Metabolism: How Do We Work With Our Bodies Instead of Against Them? My Conversation with Jillian Harbarcuk

For years, we’ve been told that metabolism is something we’re either lucky to have on our side or doomed to struggle with forever. But what if that’s not true? What if metabolism is something we can support and improve, not just something we have to accept?

In a recent episode of Curious Life of a Childfree Woman, I spoke with Jillian Harbarcuk, a functional health coach and certified personal trainer, about the biggest myths surrounding metabolism, the role of stress and strength training, and how we can shift our approach to food and movement to actually work with our bodies instead of fighting against them.

This conversation completely reframed how I think about metabolism and long-term health—and if you’ve ever wondered why certain things that should work just don’t, this episode is for you.

 

Where Are We Going Wrong Re: Metabolism?

We’ve been sold a lot of misleading messages when it comes to metabolism. The most common? That it’s purely genetic, that it slows as we age no matter what, and that the only way to keep it “fast” is to eat less and move more.

But as Jillian explained, metabolism isn’t just about weight—it’s about how our bodies create and use energy. And it turns out, we have a lot more control over it than we’ve been led to believe.

One of the biggest mistakes many people make, especially women, is under-eating without realizing it. Decades of diet culture have trained us to think that eating less is always better, but restricting calories too much can slow metabolism down, making it harder for the body to function optimally. Pair that with chronic stress and over-exercising, and the body goes into full-on survival mode.

 

The Role of Strength Training, Stress, and Nutrition

Instead of trying to outsmart our metabolism, Jillian emphasized that we need to support it in ways that actually make sense for our bodies. That means:

  • Strength training is non-negotiable. More muscle means a higher resting metabolic rate, which means the body burns more energy even at rest. It’s also essential for hormone balance, bone health, and longevity.

  • Chronic stress is a metabolism killer. Many of us are constantly pushing through high stress levels, which raises cortisol and can lead to fatigue, weight gain, and hormonal imbalances. Learning to manage stress through movement, rest, and recovery is key.

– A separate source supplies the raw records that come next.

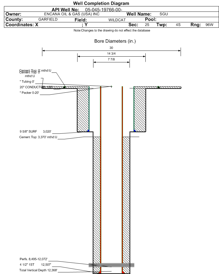 Wellbore #00 Wellbore Classification: GW Status: PR - 2/1/2021 Measured TD: 12530 ft. Vertical TD: 12368 ft.| Wellbore Data for Original Wellbore | Wellbore Classification: GW PR - 2/1/2021 | | Wellbore Permit | DIRECTIONAL | | Permit #: | | Expiration Date: | 8/3/2012 | | Proposed Top PZ Location: | Sec:25 Twp: 4S 96W | Footage: 2190 FNL 683 FEL | | Bottom Hole Location: | Sec:25 Twp: 4S 96W | Footage: 2190 FNL 683 FEL | | Proposed Depth/Form: | 14234 ft. | | Surface Mineral Owner Same: | No | | Mineral Owner: | FEDERAL | Surface Owner: | FEE | | Unit: | Big Jimmy Unit | Unit Number: | COC74105X | | Formation And Spacing: | Code: ILES , Formation: ILES , Order: , Unit Acreage: , Drill Unit: | | Formation And Spacing: | Code: WMFK , Formation: WILLIAMS FORK , Order: 510-13 , Unit Acreage: 10, Drill Unit: | | Casing: | String Type: CONDUCTOR, Hole Size: 26 in., Size: 20 in., Top: , Depth: 120 ft., Weight: Line Pipe, Citings Type: PLANNED | | Cement: | Sacks: 176, Top: 0 ft., Bottom: 120 ft. | | Casing: | String Type: SURF, Hole Size: 14.75 in., Size: 9.625 in., Top: , Depth: 3000 ft., Weight: 36 , Citings Type: PLANNED | | Cement: | Sacks: 1047, Top: 0 ft., Bottom: 3000 ft. | | Casing: | String Type: 1ST, Hole Size: 7.875 in., Size: 4.5 in., Top: , Depth: 14234 ft., Weight: 11.6 , Citings Type: PLANNED | | Cement: | Sacks: 645, Top: 8574 ft., Bottom: 14234 ft. |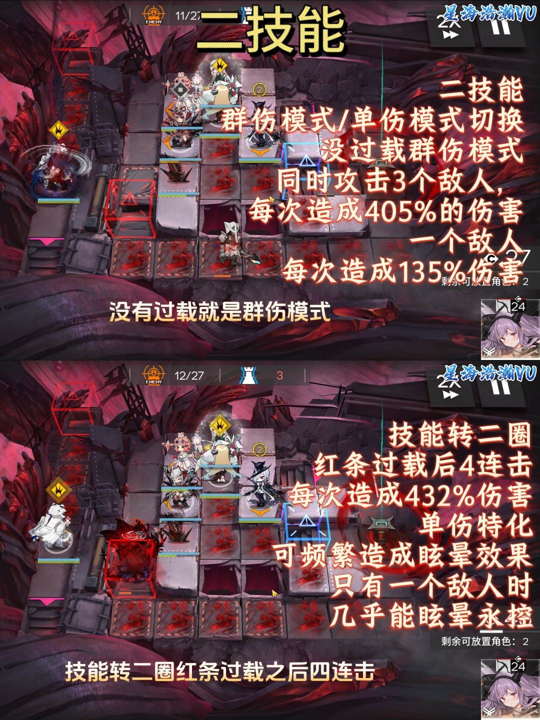 模组3级后,W每次普攻,对主目标造成125%的额外伤害,且有15%概率对群体敌人造成175%,范围直径2.2格的群伤和一秒群体眩晕,可对空,潜能4后造成185%的群伤,能打断敌人的蓄力攻击,冲锋手的加速奔跑,阻碍敌人前进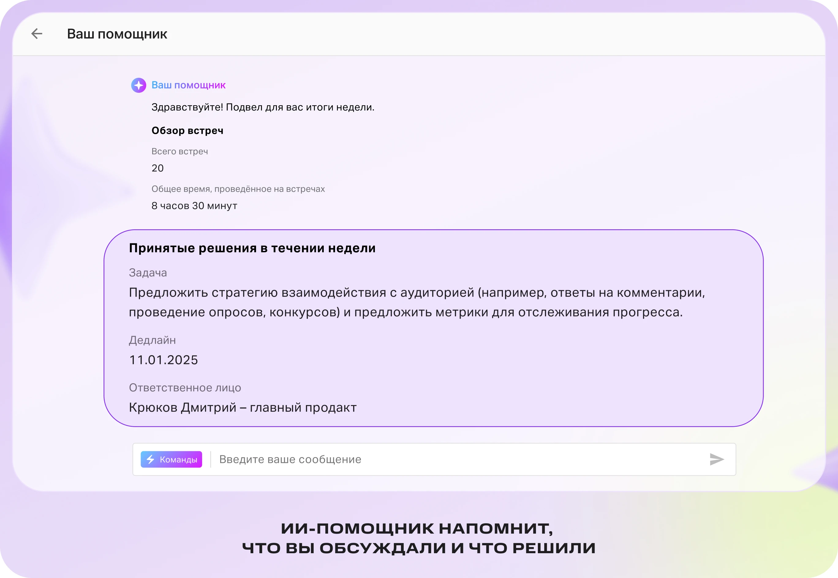 Ищет информацию в чатах и встречах. Напоминает о принятых решениях и задачах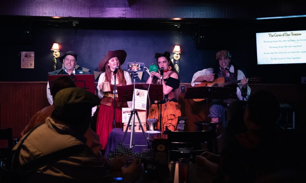 The Pub Sing is just so special to me. I have some truly amazing bandmates – Beverlee Jean, D.W. McCann, Aven Gonzalez, and when we’re lucky, our fiddler Seth Hansen. We’ve developed a really fun repertoire of classic folk songs & tavern tunes alongside a variety of nerdy & modern twists on the former and a number of straight-up parodies and original songs as well. The audience for these shows have also been so willing to play – folks will come dressed up, they’ll write verses and sing along with us. Some nights the humor just gets so wild I’ll be quite literally crying with laughter. It’s everything I wanted when I dreamed of doing a Pub Sing outside of the Festival circuit. While I know of a similar production that coincidentally started around the same time as us in NYC, we are – as far as I’m aware – the only Pub Sing like this outside of RenFest. We’re growing such a lovely community through these shows as well. If you like Renaissance Festivals or just love raunchy, nerdy, musical comedy – Pub Sing is the place for you. You don’t have to sing with us, but it sure is a lot of fun when you do!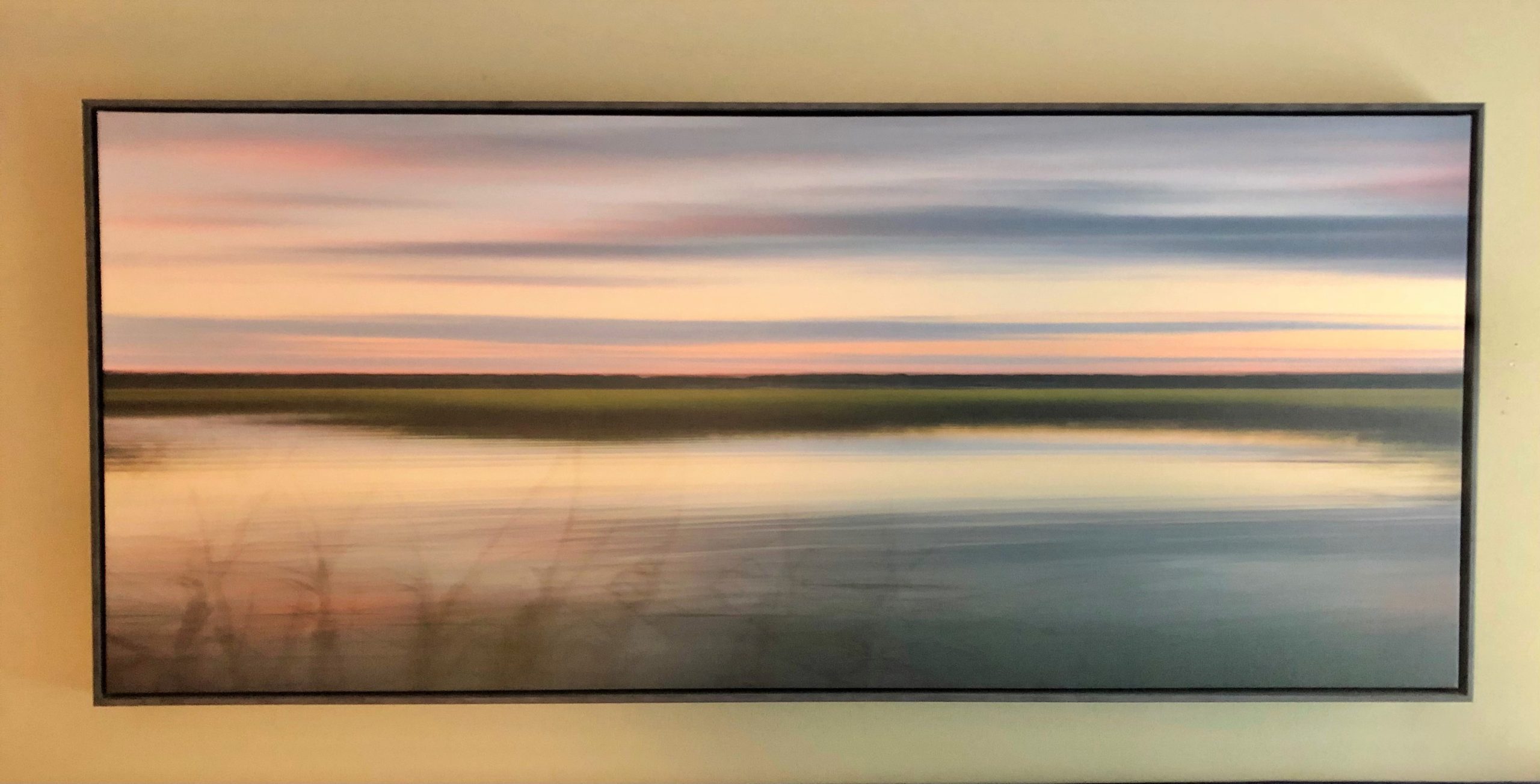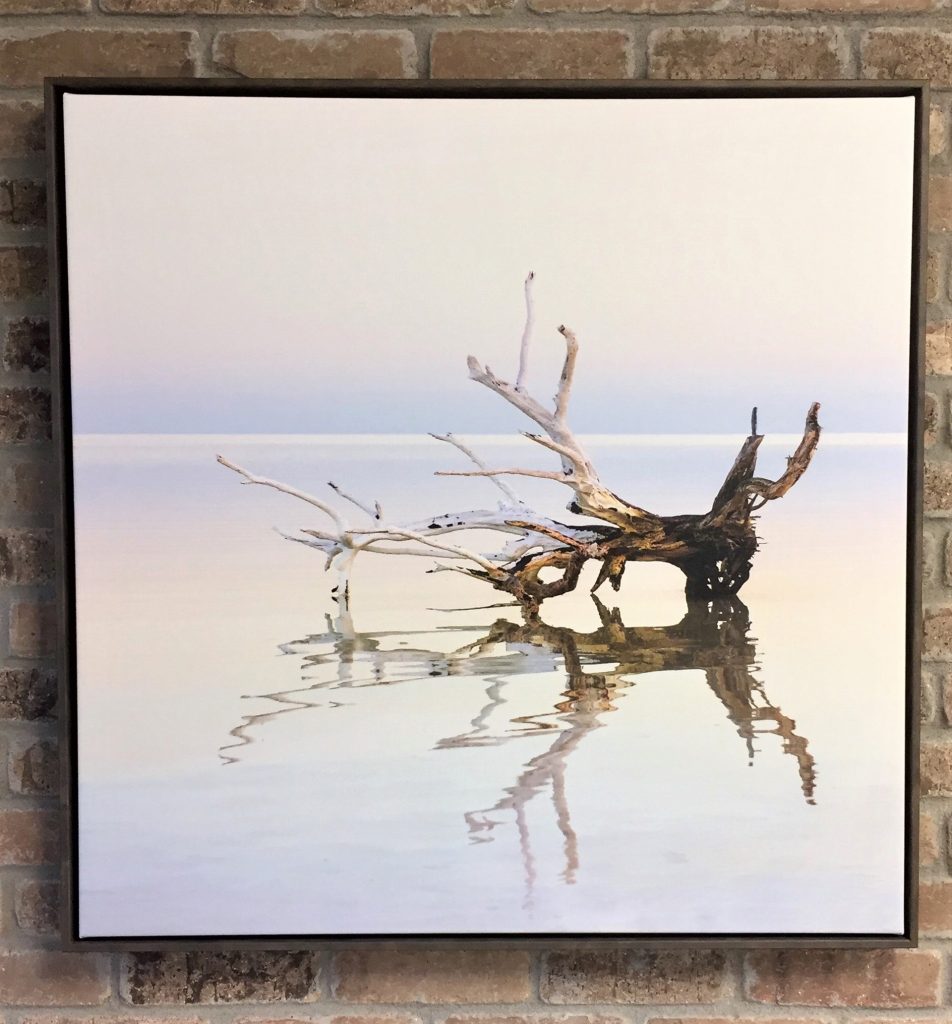 - You want to showcase the texture of your art or print. If your piece doesn’t need a protective covering such as glass or acrylic, a float frame is a great way to present and protect your piece without the obstruction of reflections from clear glass or acrylic glazing. Original paintings are a great example of this but we also love to float resin pours, face-mounted acrylic pieces, ChromaLuxe metal prints and direct prints on wood so you don’t lose any of the art’s texture.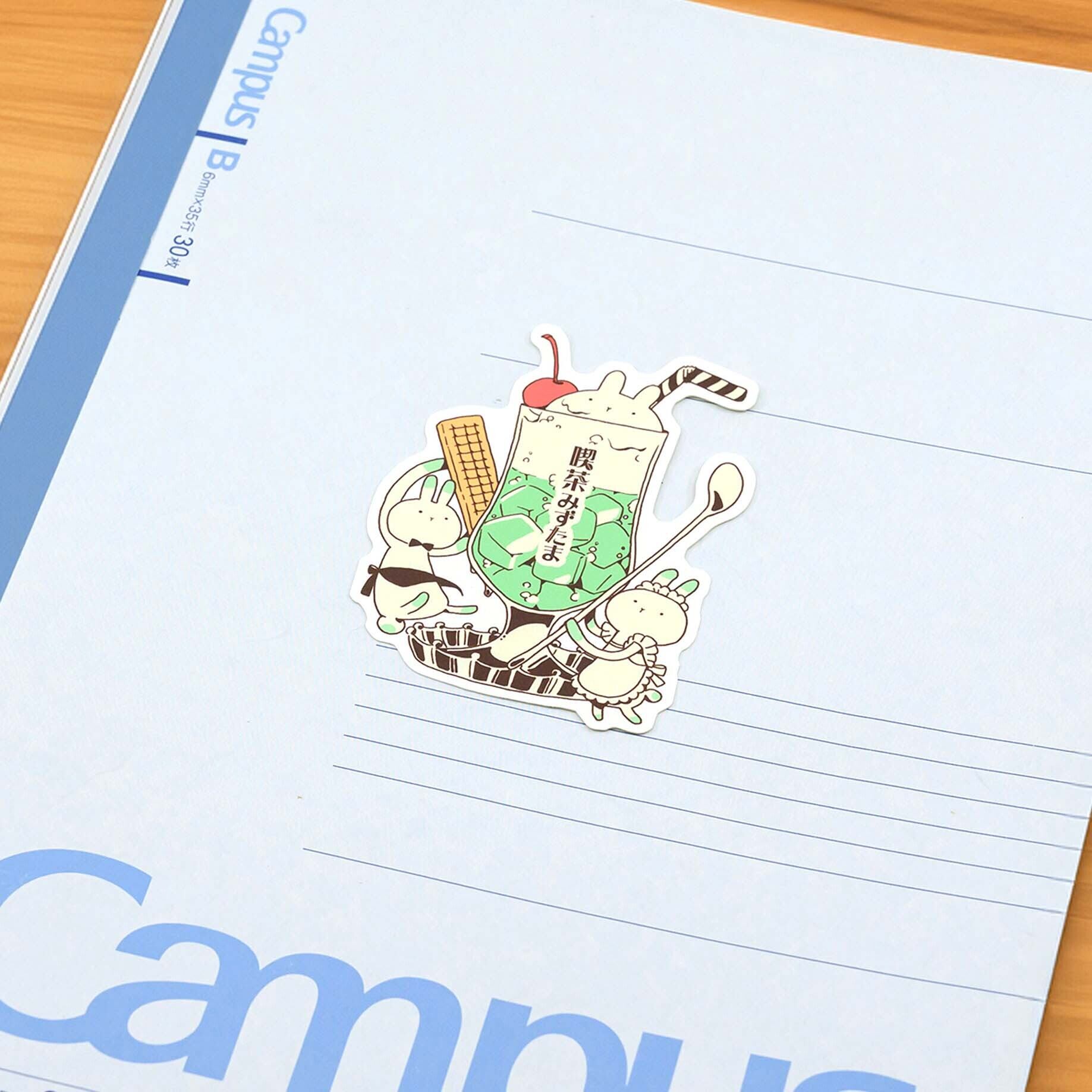 喫茶みずたま名物のメロンソーダフロートと硬めのレトロプリンがステッカーになりました。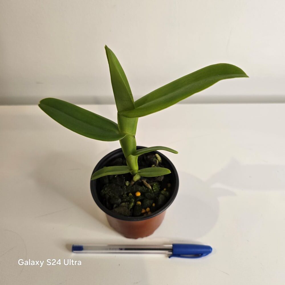 Found in Papua and New Guinea and the Philippines as an epiphyte at elevations over 350 meters occuring on tree trunks as a medium sized, hot to warm growing epiphyte with rather broad, strongly compressed, ancipitous stems carrying several, leathery, 2 ranked, at right angles to the stem, basally clasping leaves that blooms in the fall, winter, spring and summer on a racemose, conical, pendulous, 2.4 to 4″ [6 to 10 cm] long, successively many flowered inflorescence that has a third of the flowers open at any one time.
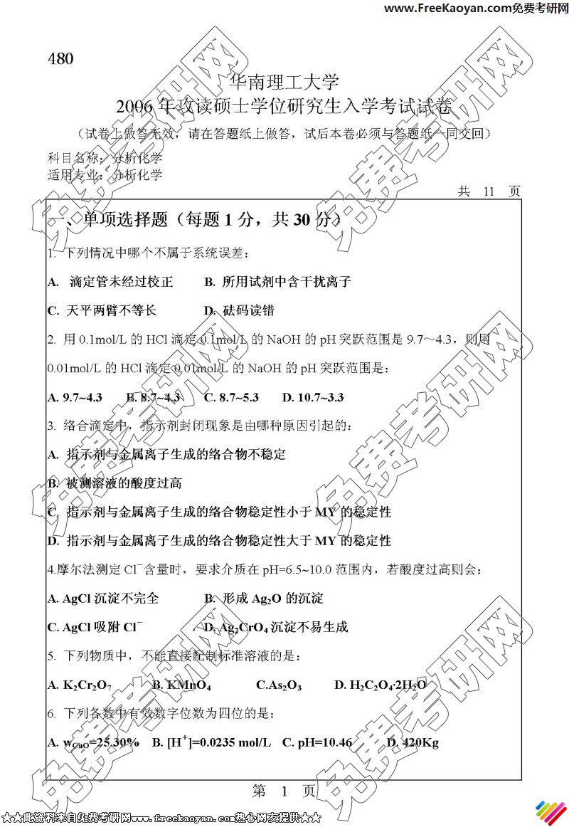 华南理工大学2006年考研真题-分析化学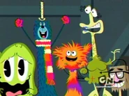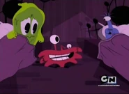 "The Bride to Beat" is the only episode where George Mucus has his own speaking role (In the episodes before this one, he only spoke along with other imaginary friends). In this episode, George tries to get Bloo's attention, only for Bloo, who is trying to stop Mac from getting married, to walk right through him.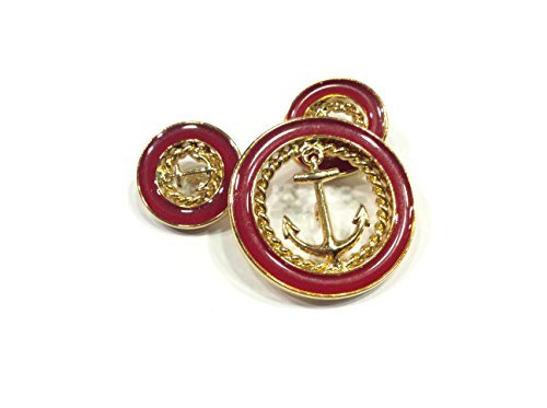 SET 10 BOTTONI ANCORA METALLO ORO LACCATO ROSSO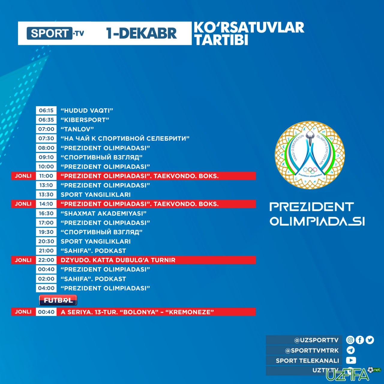 Sport va Futbol telekanallarining 1-dekabr kungi ko‘rsatuvlar dasturi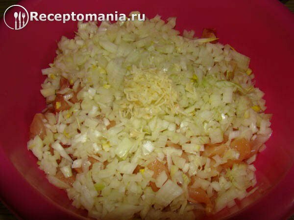 Нарезаем мелко лук и измельчаем на мелкой терке чеснок.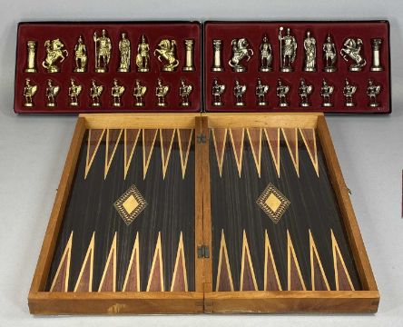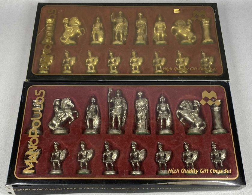 MANOPOULOS, two boxed set of chess pieces with wooden folding games board and a vintage doll 'Rosebud'Provenance: private collection Denbighshire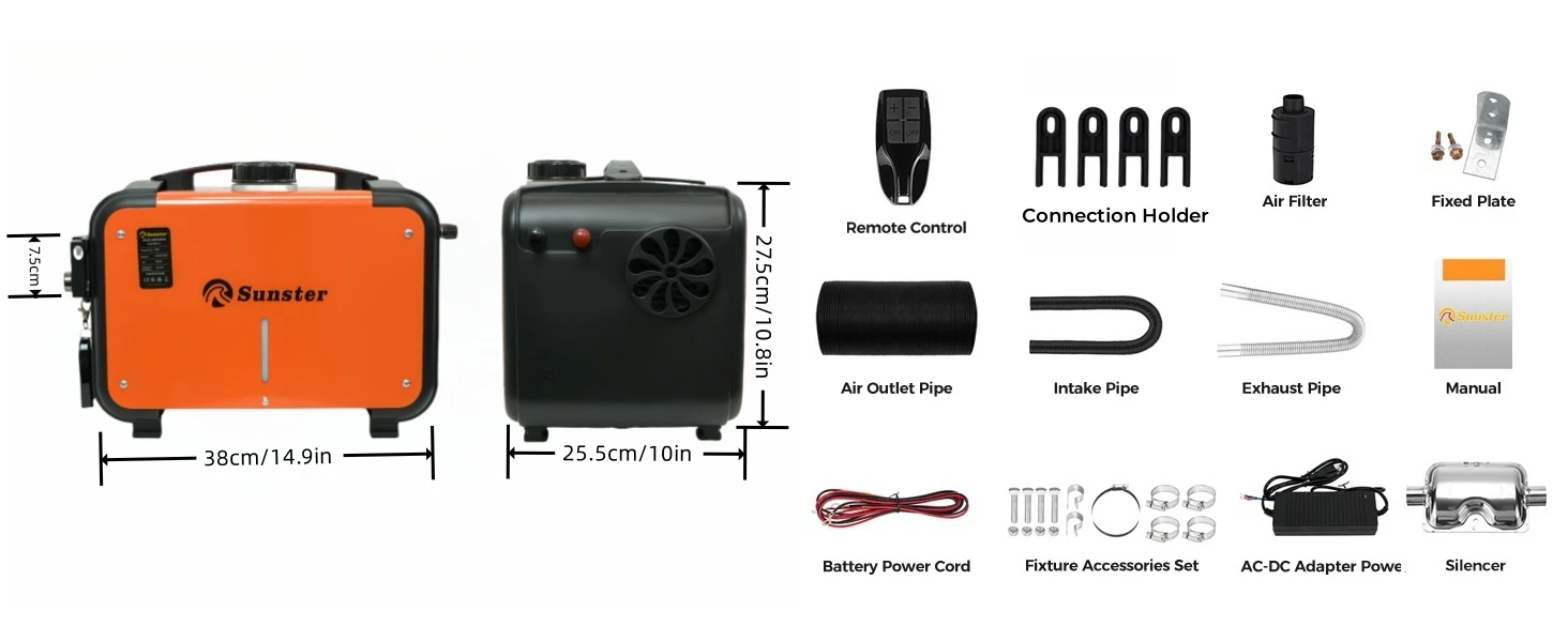 ✅Packaged included:1 x Air Heater Host,1 x 5L Fuel Tank,1 x Remote Control,1 x Air Filter,1 x fixed plate,1 x Air outlet pipe,1 x Intake pipe,1 x Exhaust Pipe,1 x Battery Power Cord,1 x Fixture Accessories Set,1 x Silencer,1 x AC-DC Adapter Power,1 x connection holder,1 x Manual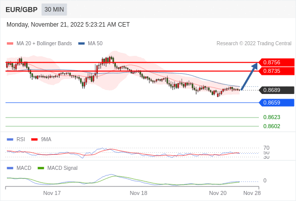 欧元/英镑 当日内: 有上涨的可能,目标价位定在 0.8756 。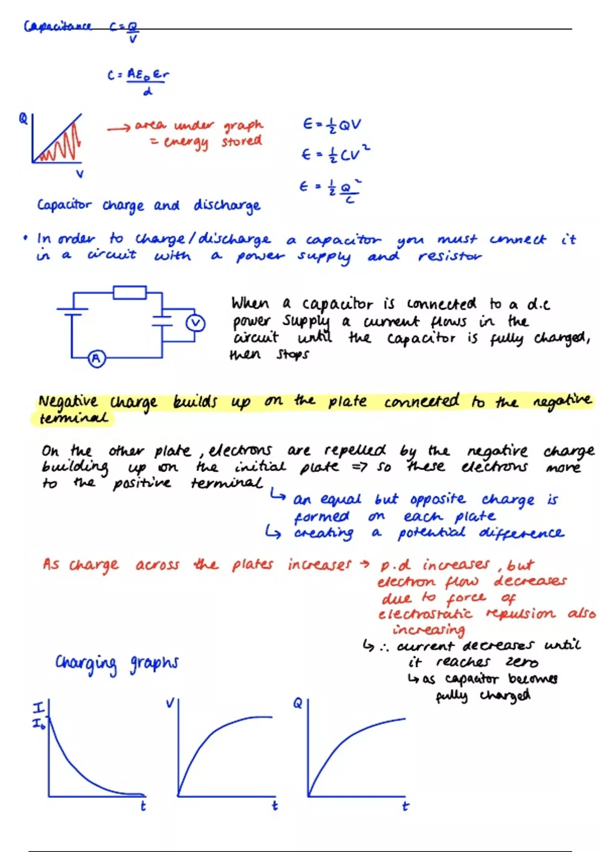 Summary Capacitance a level revision notes

Food is fuel, not the enemy. Instead of focusing on eating less, Jillian recommends focusing on eating enough—especially protein, which helps build and maintain muscle and supports overall metabolic health.

 

Actionable Steps to Support Metabolic Health

If you’re looking to improve your metabolism and feel better in your body, here are a few things to focus on:

  • Prioritize protein: Aim for a source of protein at every meal to support muscle growth and satiety.

  • Incorporate strength training: If you’re not already lifting weights, start small—just two or three days a week can make a big difference.

  • Increase movement throughout the day: Beyond structured workouts, simple things like walking more, stretching, or standing while working can add up.

  • Manage stress intentionally: Whether it’s better sleep, deep breathing, or cutting back on high-intensity workouts, finding ways to lower stress levels can help regulate metabolism and hormones.

Get enough sleep: Poor sleep can disrupt metabolism, increase cravings, and make it harder for the body to recover properly.

 

Let’s Stay Curious Together.

What I loved most about this conversation with Jillian was the mindset shift—metabolism isn’t about restriction, punishment, or luck. It’s about supporting our bodies so they can function the way they’re meant to.